The aforementioned requirements have also been proposed and extended in the recent study by Boukhatmi et al. [34], wherein they identified several requirements based on practical insights from interviews and surveys. The requirements were grouped into 11 categories, as follows: (i) accessibility, i.e., grant complete platform access exclusively to specific parties via login process; (ii) completeness, i.e., provide additional information to the already present technical datasheets; (iii) consistency, i.e., promote uniform data sharing among stakeholders involved in the value chain; (iv) efficiency, i.e., streamline operational processes for the collection of product information; (v) inter-operability, i.e., allow the smooth integration of new information from different stakeholders; (vi) security, i.e., guarantee the hosting of the platform by an external and impartial entity; (vii) sensitivity, i.e., restrict access to sensitive information; (viii) traceability, i.e., provide the history of the product life cycle via comprehensive data tracking; (ix) transparency, i.e., establish openness through means of sharing data; (x) time performance, i.e., reduce the time and effort spent by stakeholders in collecting information about the product; (xi) visibility, i.e., set up distinct levels of information visibility according to specific stakeholder groups.

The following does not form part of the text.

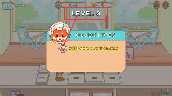 1、当前处于【LEVEL-3】,关卡目标为【SERVE-6-CUSTOMERS】,开局先确认该目标,再着手准备为顾客提供服务,推进关卡进度。
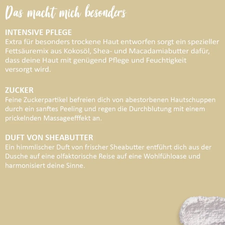 Peeling, Duschgel und pflegende Lotion: Das klingt nach einer kompletten Hautpflegeroutine. Zwei wichtige Inhaltsstoffe im Dusch-Fluff sind Sheabutter und Macadamianussbutter. Sie geben ihm nicht nur einen köstlich nussigen Duft. Sie sind auch verantwortlich für seinen intensiven Pflegeeffekt. Beide spenden Feuchtigkeit und schützen die Haut vor Umwelteinflüssen. Außerdem enthält die Formel pflegendes Kokosöl und feuchtigkeitsspendendes Glycerin.

To fulfil the aforementioned requirements, the following principles can be followed [30]:
  • Data responsibility of the originators: The involved stakeholders of the value chain make statements about the activity they perform on the product. The statements are structured in a data sheet.
  • Collection of data sheets: the DPP basically consists of a collection of data sheets produced by the stakeholders of the value chain, from material production to the end of product usage.
  • Decentralized storage: The storage location is determined by the stakeholders themselves. In this way, the DPP is stored in distributed data stores. There is no central system that manages the DPP information.
  • Verifiability of the data: The stakeholder’s digital signature makes the data sheets verifiable. In this way, it is possible to identify who issued the information provided about the product and it cannot be denied. This enhances the level of trust in the DPP and in the data quality. A signed data sheet constitutes a certificate.
Finally, it is worth noting that the effective implementation of the DPP also requires suitable governance to be in place [35]. This includes abundant regulations, the EC taking an active role as a platform or registry manager, along with vigilant oversight from the relevant authorities [36].

3.3. Technical Implementation of Digital Product Passport

Guth-Orlowski proposes the use of decentralized technologies for the digital implementation of the product passport. Digital Decentralized Identifiers (DID) are applicable for humans, products, machines, processes, or companies and are usually anchored on a blockchain. In such a case, software for the creation and management of decentralized identifiers is needed and all the stakeholders of the value chain can create their own identifiers. At present, DID are standardized by the World Wide Web Consortium (W3C), which is one of the most important standardization bodies for Internet protocols.
Verifiable Credentials (VC) are machine-readable certificates that are signed with the private key of a DID. VC can be verified by signature; therefore, the data integrity is ensured, as well as the access control. Indeed, each stakeholder has the possibility to control access to certificates so that any company secret is protected from competitors and to allow the access only to an auditor, customer, or ministry. Because of this, VC can be employed to implement the certificates for the DPP. As stated before, a wallet can generate and manage DID, but it can be also used to create, sign, and manage VC. The referencing of one VC to another is called “credential chaining” and it represents the link of the DPP information.
The broad implementation of the DPP overseen by the EC requires that each company in the value chain has a wallet. The communication between several wallets is based on standards, so this ensures that vendor lock-in is avoided. Thanks to the wallet, each company can create its DID, collect VC about its activities, and it can also issue VC about other enterprises and products, for example, concerning the disassembly mode, repairing instructions, and so forth.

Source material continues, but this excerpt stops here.